Whenever there’s a new review of Chronicles of the Tree, I tend to get very excited and share it with friends and family. I’m still a freshly minted novelist, after all: the first book has been out less than a year, the second barely six months, and I’m still pinching myself to make sure I’m not dreaming. A while ago, after sharing yet another online blurb with long suffering friends, it occurred to me, rather belatedly, that I may be boring them. I imagined them thinking, “Ok, ok, someone liked your book, you’re thrilled, I’m thrilled, now can we talk about something else for a change?” I worried I was blowing my own trumpet; I thought that maybe I should stop.

Luckily, when I voiced this concern to a friend whose advice I trust, she told me to quit worrying so much, relax and enjoy the ride. She told me that other people would enjoy the reviews, and enjoy my enthusiasm for them, too. (I rather suspect they might enjoy it as one enjoys watching a puppy jump up and down for a treat, with a sort of amused tolerance.) Anyway, with that proviso in mind, I’d like to share another review for ‘Tymon’s Flight’ with you, this time from Crickhollow Books. 

I was wondering why it was that this particular review appealed so much to me. It’s not only the fact that the reader liked the book and gave it five stars. Of course that makes me very happy – just as when people don’t like the book for whatever reason, it make me sad, for about a day.
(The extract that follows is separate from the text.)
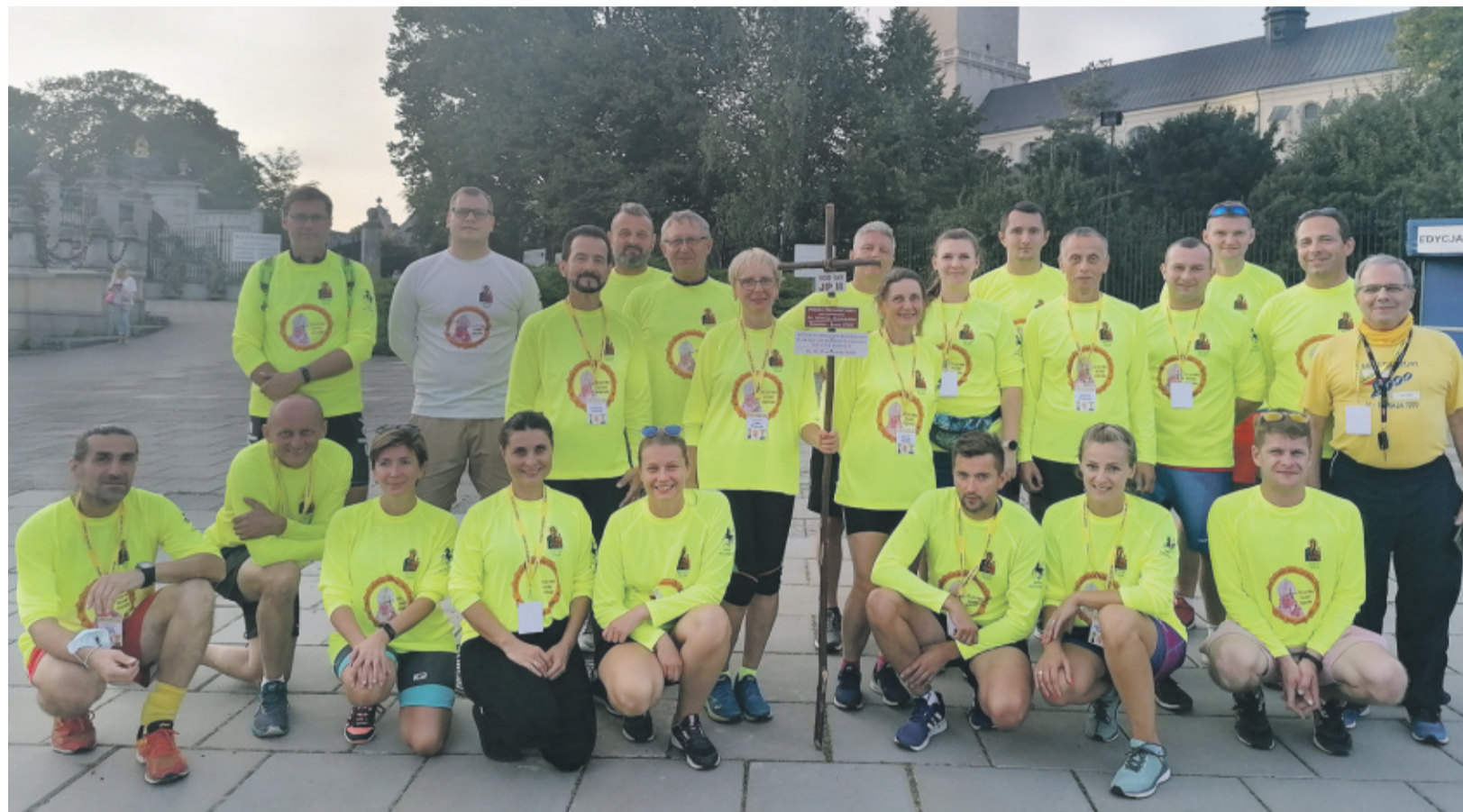
Zmęczeni, ale szczęśliwi. Uczestnicy zaraz po dotarciu do celu.

'Jeszcze będzie pięknie, mimo wszystko. Tylko załóż wygodne buty, bo masz do przejścia całe życie' - te słowa św. Jana Pawła II, wciąż tak aktualne, stały się inspiracją Sztafety Biegowo-Rowerowej dla uczczenia 100. rocznicy urodzin Ojca Świętego Jana Pawła II, która odbyła się w dniach 11-13 września.

I can’t help it! I’m human. But all that is part and parcel of the writing process – you have to accept the ups along with the downs, the loves with the hates, the people who think you’re akin to sliced bread and the ones who really, really don’t. That’s the way the cookie crumbles – if you’ll permit a second baking metaphor.

But there is something else that happens, on occasion, over and above a simple reaction to the work, a ‘yay’ or ‘nay’. Sometimes, a reader ‘gets it’. I suddenly feel like I’m talking directly to that person – really talking, through the pages of the book. And the reader is responding, critiquing, adding immeasurably to the experience. There’s a whole conversation taking place. And the amalgam, the sum of book and reader, makes a larger creation, something I could never have accomplished on my own.

I can’t tell you how important that is to me. It’s like the air I breathe.

Anyway, that’s how I felt with this one. Thank you, Crickhollow Books!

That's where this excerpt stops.